Explanation:
Given: a = -3v^2
By definition, the acceleration is the time derivative of velocity v:
[tex]a = \frac{dv}{dt} = - 3 {v}^{2} [/tex]
Re-arranging the expression above, we get
[tex] \frac{dv}{ {v}^{2} } = - 3dt[/tex]
Integrating this expression, we get
[tex] \int \frac{dv}{ {v}^{2} } = \int {v}^{ - 2}dv = - 3\int dt[/tex]

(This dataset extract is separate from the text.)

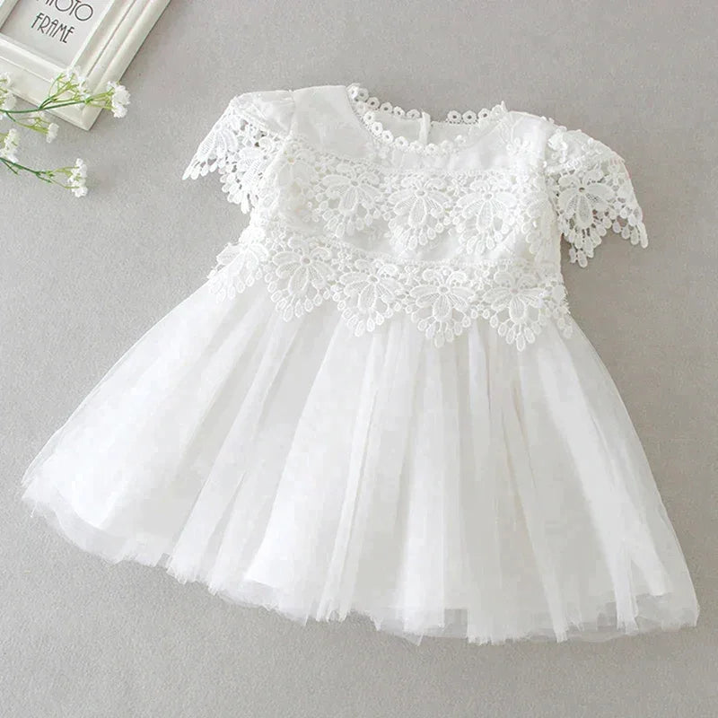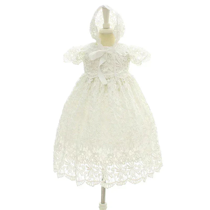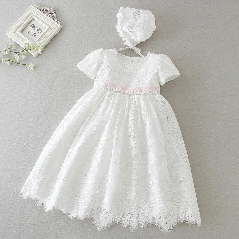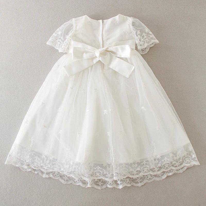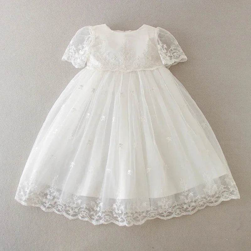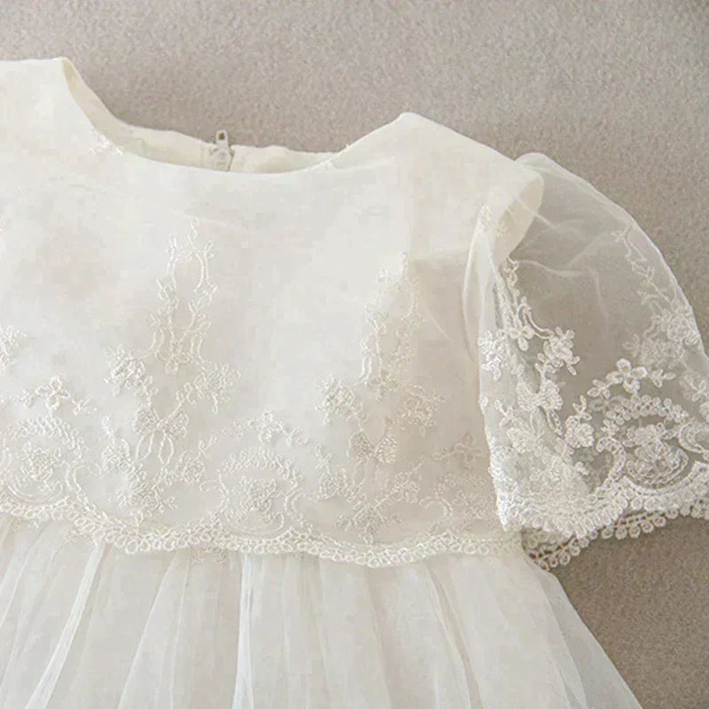 With intricate lace accents adorning the neckline, the "Eva" dress combines timeless design and modern chic. The classic round neckline adds sophistication, making it perfect for baptisms, christenings, weddings, and other special occasions. Your child will shine as the center of attention in this exquisite outfit.

[tex] - \frac{1}{v} = - 3t + k[/tex]
Since v = 10 when t = 0, that gives us k = -1/10. The expression for v can then be written as
[tex] - \frac{1}{v} = - 3t - \frac{1}{10} = - ( \frac{30 + 1}{10} )[/tex]
or
[tex]v = \frac{10}{30t +1 } [/tex]
We also know that
[tex]v = \frac{ds}{dt} [/tex]
or
[tex]ds = vdt = \frac{10 \: dt}{30t + 1} [/tex]
We can integrate this to get s:
[tex]s = \int v \: dt = \int ( \frac{10}{30t + 1}) \: dt = 10 \int \frac{dt}{30t + 1} [/tex]
Let u = 30t +1
du = 30dt
so
[tex] \int \frac{dt}{30t + 1} = \frac{1}{30} \int \frac{du}{u} = \frac{1}{30}\ln |u| + k[/tex]
[tex]= \frac{1}{30}\ln |30t + 1| + k[/tex]
So we can now write s as
[tex]s = \frac{1}{3}\ln |30t + 1| + k[/tex]
We know that when t = 0, s = 8 m, therefore k = 8 m.
[tex]s = \frac{1}{3}\ln |30t + 1| + 8[/tex]
Next, we need to find the position and velocity at t = 3 s. At t = 3 s,
[tex]v = \frac{10}{30(3) +1 } = \frac{10}{91}\frac{m}{s} = 0.11 \: \frac{m}{s} [/tex]
[tex]s = \frac{1}{3}\ln |30(3) + 1| + 8 = 9.5 \: m[/tex]
Note: velocity approaches zero as t --> [tex]\infty [/tex]